Monday, Nov. 14, 1960
The Heavy Burden
The most frustrated man in Manhattan last week was the U.N.'s Dag Hammarskjold. His Congo command, having backed all the main antagonists into corners, now seemed to be in full charge in Leopoldville, yet was powerless to create the solution it wanted. To bring back Parliament would probably be tantamount to re-electing the erratically irresponsible Patrice Lumumba; it might also send Colonel Joseph Mobutu's ragtag army up in flames. Besides, President Joseph Kassvubu was dead against it. To prop up Mobutu would incur the wrath of many of the U.N.'s African member nations, for they insist that Lumumba is the only--or at least the legally proper--man for the job. And just as Hammarskjold was preparing to dispatch a 15-man African and Asian conciliation commission to seek a fresh approach to the whole mess, the U.N. Congo chief, India's Rajeshwar Dayal, sent back urgent word: Don't let them come yet; it would only create more chaos.

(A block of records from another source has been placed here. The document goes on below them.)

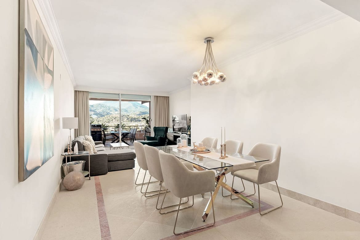 Set within the emblematic community of Magna Marbella, this stunning first floor apartment offers panoramic views to Naranjos Golf and the mountains beyond.
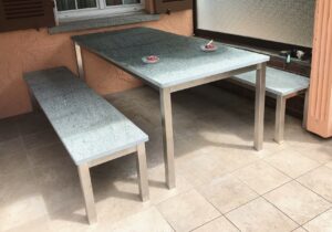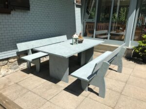 Masse Bänke: L= 180-220 cm, B= 35 cm, H= 45 cm
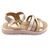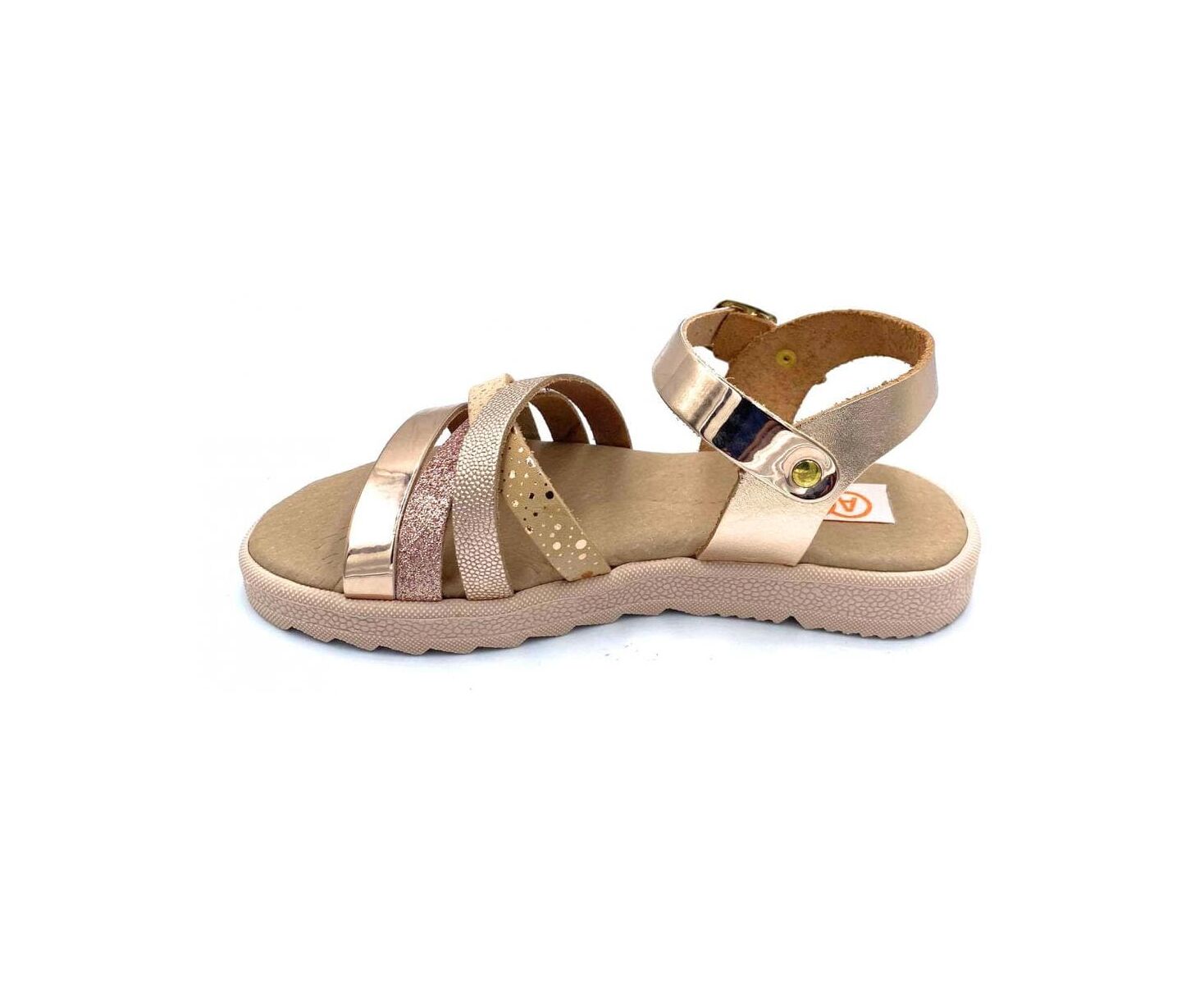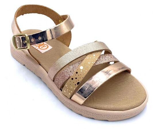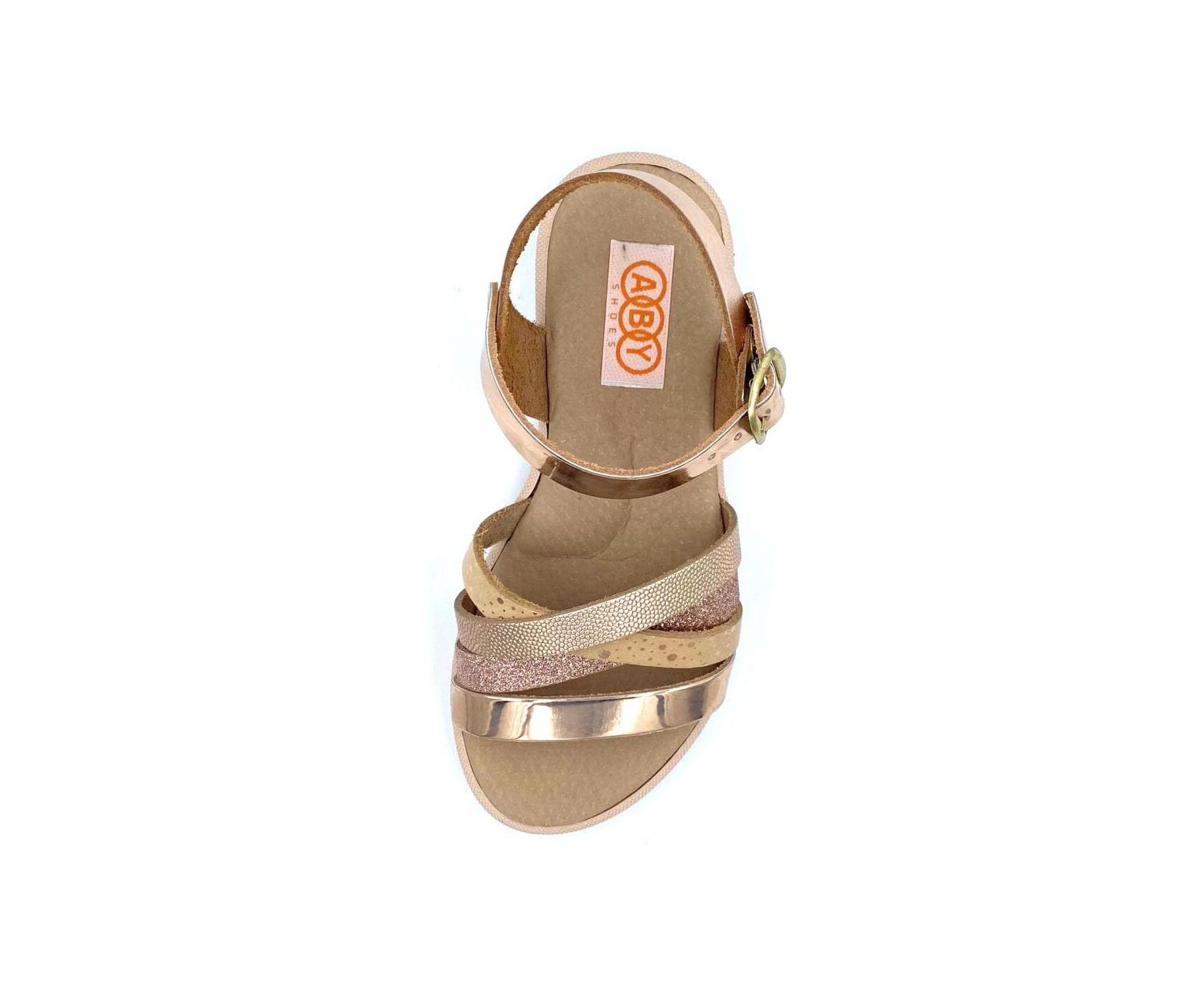 Παιδικό πέδιλο από την συλλογή της εταιρείας Aby. Δερμάτινο με ανατομικό πάτο, ελαστική σόλα, αντιολισθητική, σε ένα υπέροχο σχέδιο στις αποχρώσεις του χρυσού, κούμπωμα για καλύτερο κράτημα. Ξεχωρίζει στις εμφανίσεις των παιδιών φορώντας το, στις βόλτες, στο παιχνίδι, αλλά και όλες τις ώρες της ημέρας.
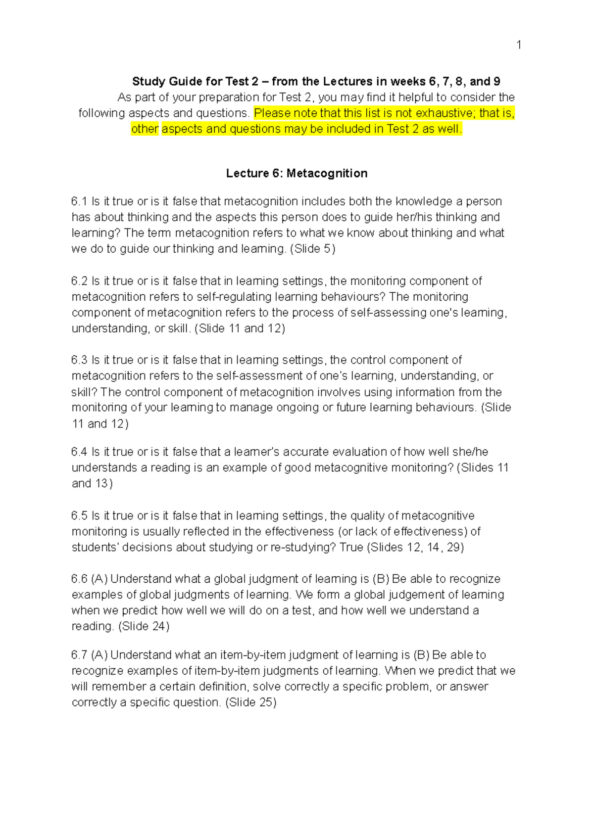 Study Guide for Test 2: Key Concepts from Lectures 6-9 - Studocu
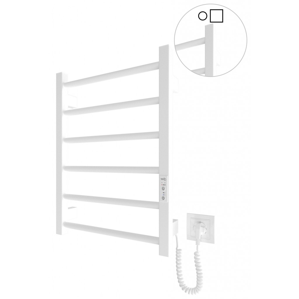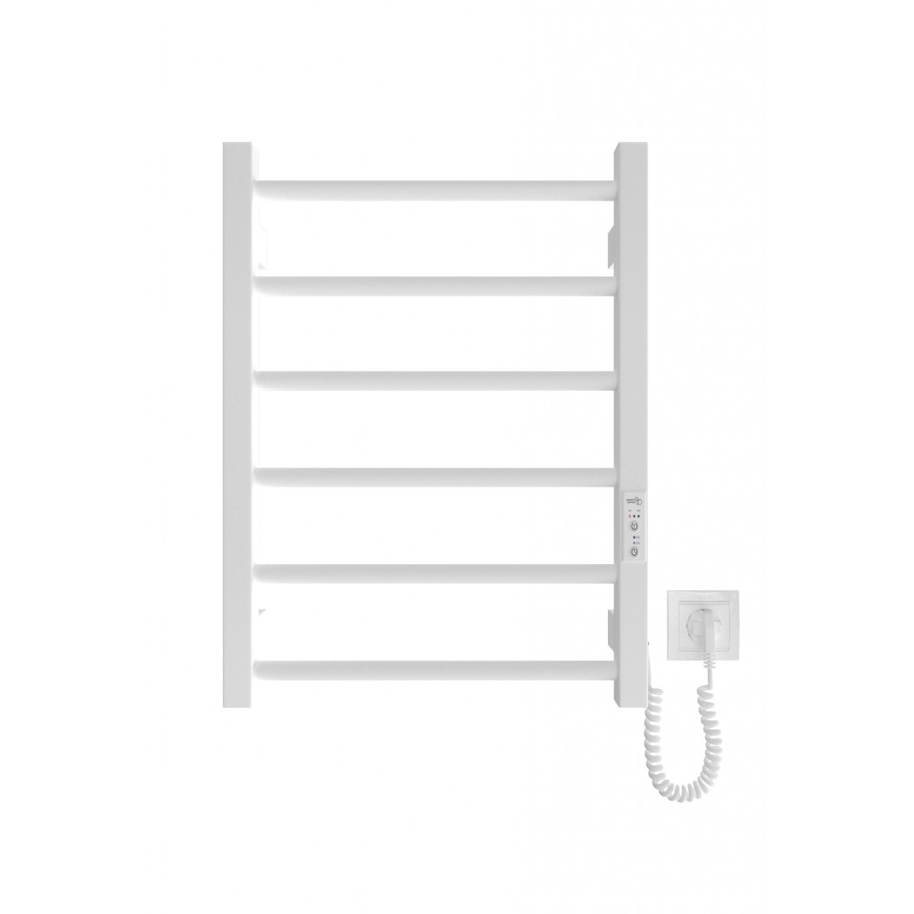 Електрична рушникосушарка HF Leeds 570x430. Працює за технологією сухого ТЕНу. Обладнана вбудованим таймер-регулятором і конектором для підключення до живлення з будь-якого боку. Оснащена комплектом для прихованого підключення. Модель має 6 ребер з круглої труби та стійки з квадратного профілю. Матеріал - чорна сталь з антикорозійною обробкою. Варіанти покриття: чорний мат або білий мат. Температурні режими таймер-регулятора: 40°С, 45°С, 50°С. Час роботи: 3, 6 годин або постійний нагрів. Потужність 60 Вт. Гарантія - 3 роки
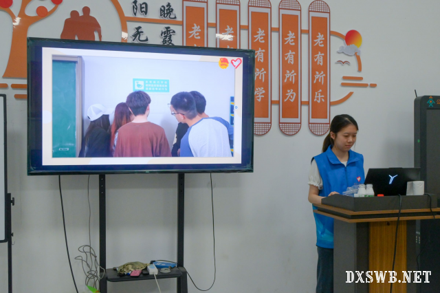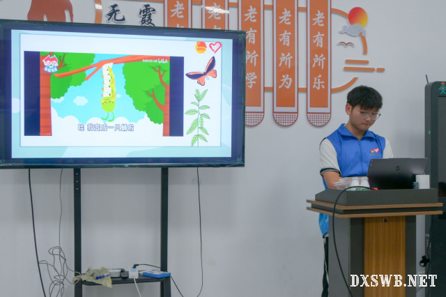 (图为志愿者在播放科普视频 湖北工业大学 刘馨怡 摄)
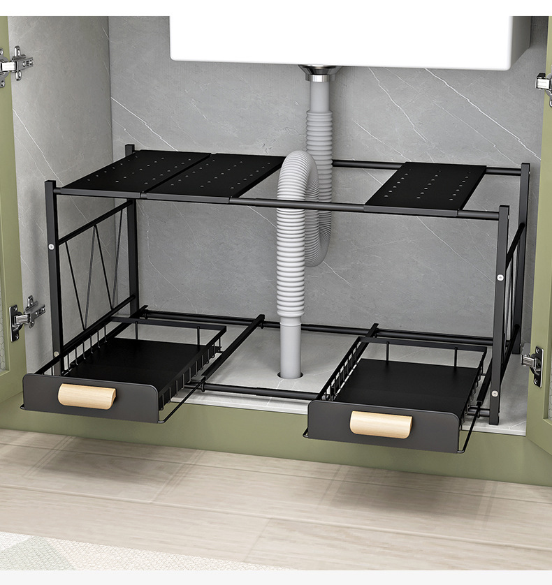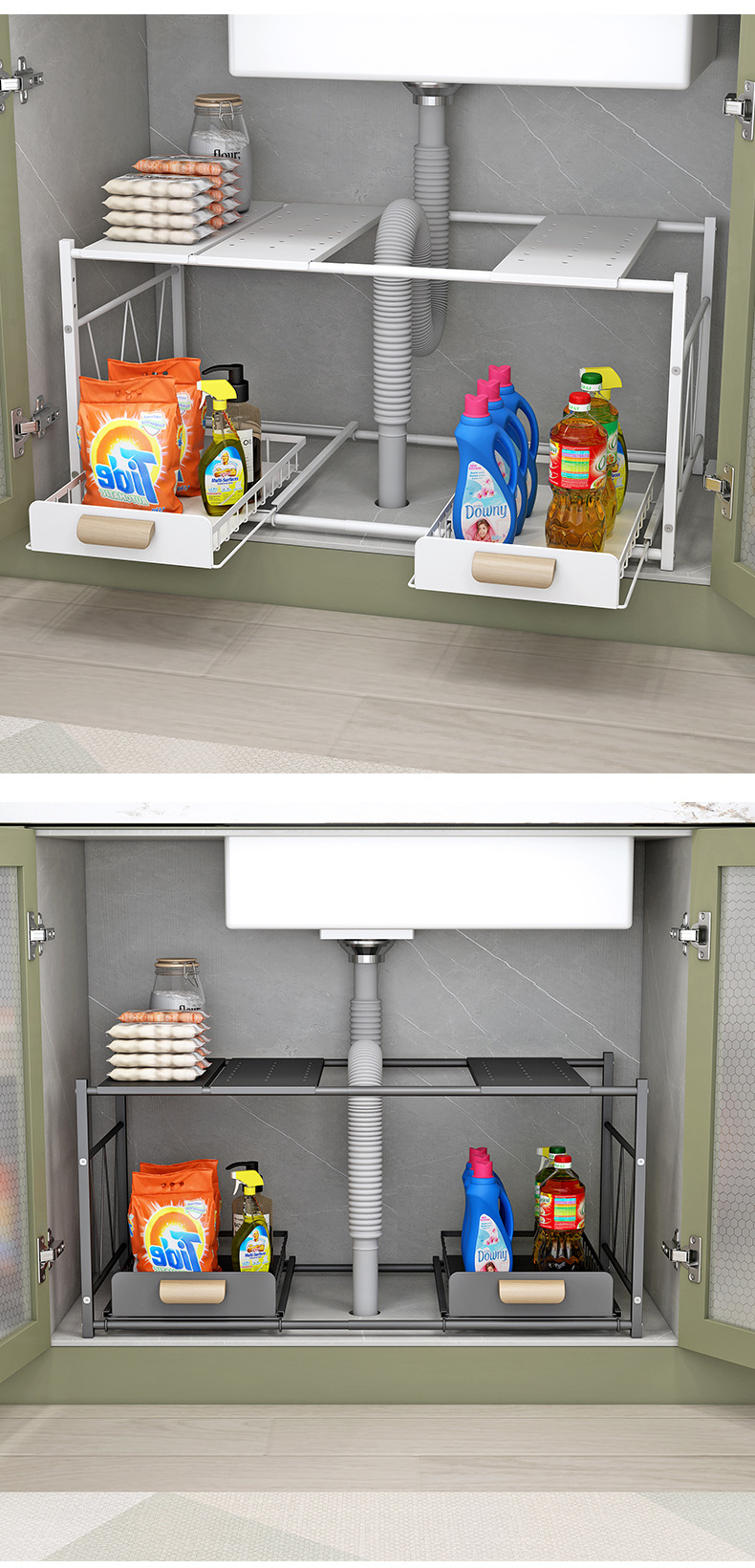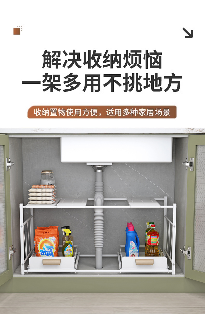 【喜挖】10件組 廚房可伸縮下水槽置物架櫥櫃分層架收納架層架多功能鍋架收納架子
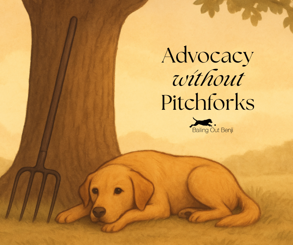 Advocacy without pitchforks means focusing on the mission, not the fight. It means understanding that there are people in the industry who love dogs too and also don’t want to see them suffering. When we meet people where they are, instead of where we wish they were, we create space for growth on both sides.
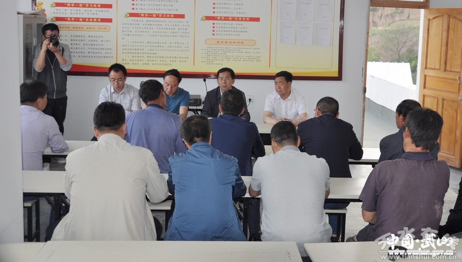 6月5日,天水市人大常委会党组书记、主任王光庆,市人大常委会秘书长杨坤来到武山县咀头乡双联点党口村、党建工作联系点吴山村,调研指导精准扶贫精准脱贫和基层党建工作,宣讲省第十三次党代会精神,传达学习市委全体会议精神。县人大常委会党组书记、主任张璞银,县委常委、组织部部长高朝峰陪同调研。
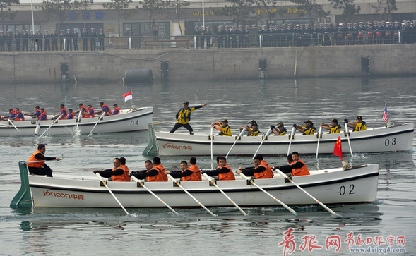 中外海軍官兵在奧帆中心參加舢板比賽。記者 李學(xué)亮 攝
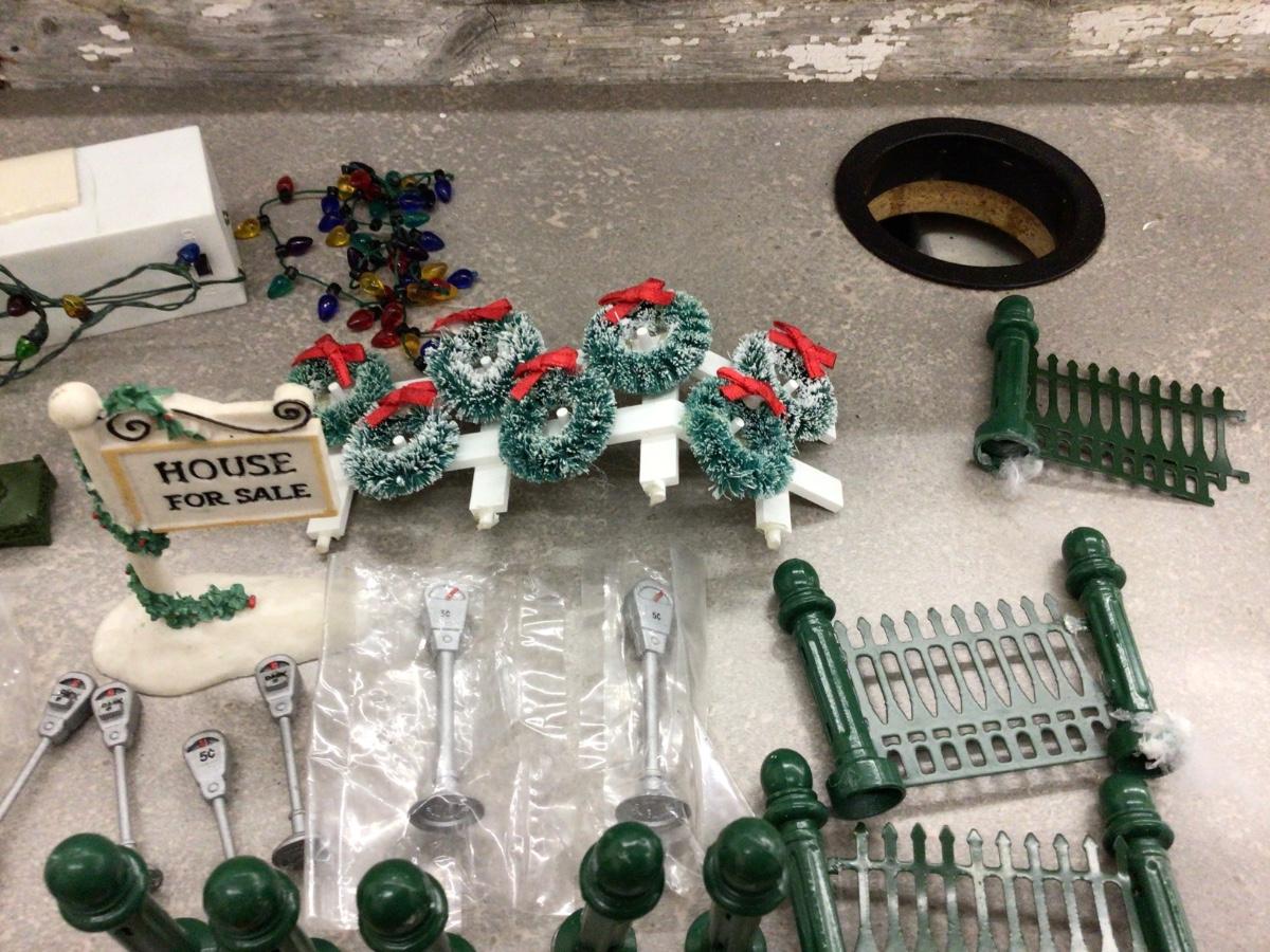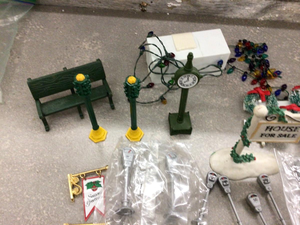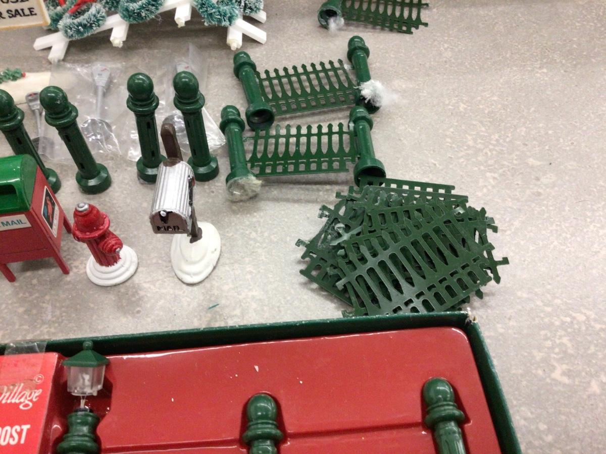 You get Dept. 56 fencing, posts, signs, wreathes, lights, clock,mail box, flags, birds fire hydrant, parking meters bench, and more.

Groping for a solution, Hammarskjold recalled Dayal to New York for consultation, simultaneously releasing Dayal's angry official report, which described Mobutu's regime as a "usurpation of political powers" and blamed much of the Congo's current troubles on Belgium, whose agents, said the report, were flocking back in to "exclude or obstruct" the U.N. itself. Promptly, the Belgians screamed "foul," hinted that Foreign Minister Pierre Wigny himself would fly over from Brussels to reply during this week's General Assembly debate. Then Hammarskjold got word that even the U.S. was upset at the report. "We have every confidence in the good faith of Belgium and its desire to be of assistance in the Congo," huffed a State Department spokesman in Washington. "We therefore are unable to accept the implications to the contrary contained in various parts of the report." This week, when the General Assembly debated the resolution to decide which Congo faction should be seated in the U.N., other guns would open fire at the stolid Swede. Not the least of them would probably be the Soviet Union, which still longs to squeeze Hammarskjold out of his job entirely. And then there was the irate Joseph Kasavubu to be dealt with. Without warning, the Congolese President, who for weeks has sat sphinxlike in his official mansion, suddenly announced he would fly to New York to make a bid for the Congo's U.N. seat at this week's debate. While he was there, he too, no doubt, would register his own protests with Dag Hammarskjold.